Она последовала за ним и Евгений, тяжело вздыхая, попросил её присесть напротив.
- Послушай меня, Волкова - в последний раз я принимаю тебя на работу. Я всё понимаю, есть такое понятие, как жизненные обстоятельства. Но ни разу я не видел, чтобы человек устраивался на одно и то же место четыре раза. Если ты пришла работать, то работай. Как только освободится место технолога, перейдешь в цех. Если с умом к работе подойдешь, может и какую другую вакансию подберу. Девчонка ты смышленая, только ветренная. Но, надеюсь, что ты взрослеешь и набираешься ума. Знаешь, ты мне напоминаешь одну женщину...
- Какую?
- Сестра у меня есть троюродная. Правда, не знаю я сейчас где она живет, и вообще жива ли. Последний раз я видел её, когда мне было лет двадцать. Мы ровесниками были. Она тоже бегала с работы на работу, всё искала себя. А потом замуж вышла и уехала. Мы дальние родственники, поэтому связь потерялась. Как-то с годами стали общаться лишь с ближними родственниками, да и таких мало. Я вот весь в работе... Но вы вот даже чем-то похожа на неё. И внешне, и поведением. Всё себя ищешь. Но это молодость, а по молодости всё простительно. Главное, чтобы честно жить и работать, а не как мой сын... - Евгений поморщился, а Даша опустила глаза. Она знала о том, что случилось в Сергеем три года назад, как раз она второй раз устраивалась на работу в магазин.
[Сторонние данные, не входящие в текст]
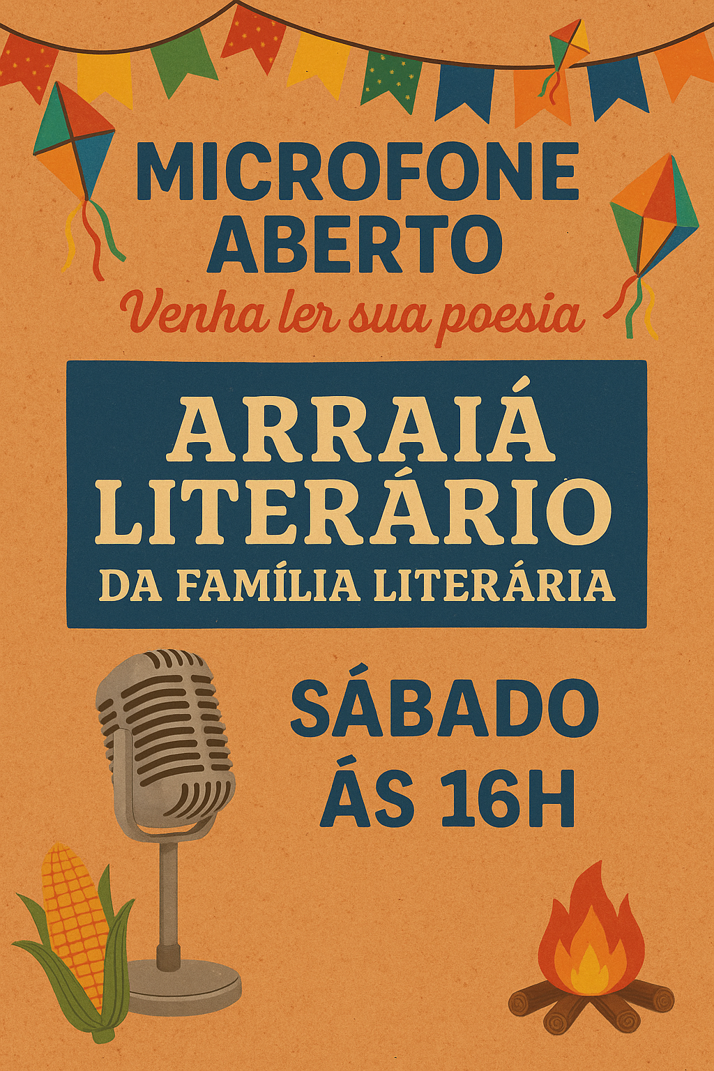 Neste sábado, a Família Literária convida todos os escritores, poetas e amantes da palavra para o nosso Arraiá Literário — uma celebração onde o verso dança, o poema se acende como fogueira, e a literatura vira festa!

- Я вам обещаю, что в этот раз я здесь надолго.
- Дай-то Бог. И еще, Дашка, завязывай уже на этой колымаге ездить. Аж уши режет от звука мотора. Кабы беды не произошло с тобой.
- А на чем же мне ездить? Маршрутки через раз ходят, а тут чувство свободы...Вот накоплю себе на машину и тогда продам мотоцикл. Хотя кто его купит, поизносился же он. - Даша улыбнулась.
Евгений Иванович вздохнул тяжело. Разве свои мозги вставишь?
****
Через три недели Евгений Иванович велел утреннюю партию хлеба бесплатно людям отпускать.
- А зачем? - спросила Даша.
- Пусть люди поминают отца моего, Ивана Федоровича. Давненько он умер, двадцать лет уж прошло, но каждый год я его поминаю. Хорошим был человеком.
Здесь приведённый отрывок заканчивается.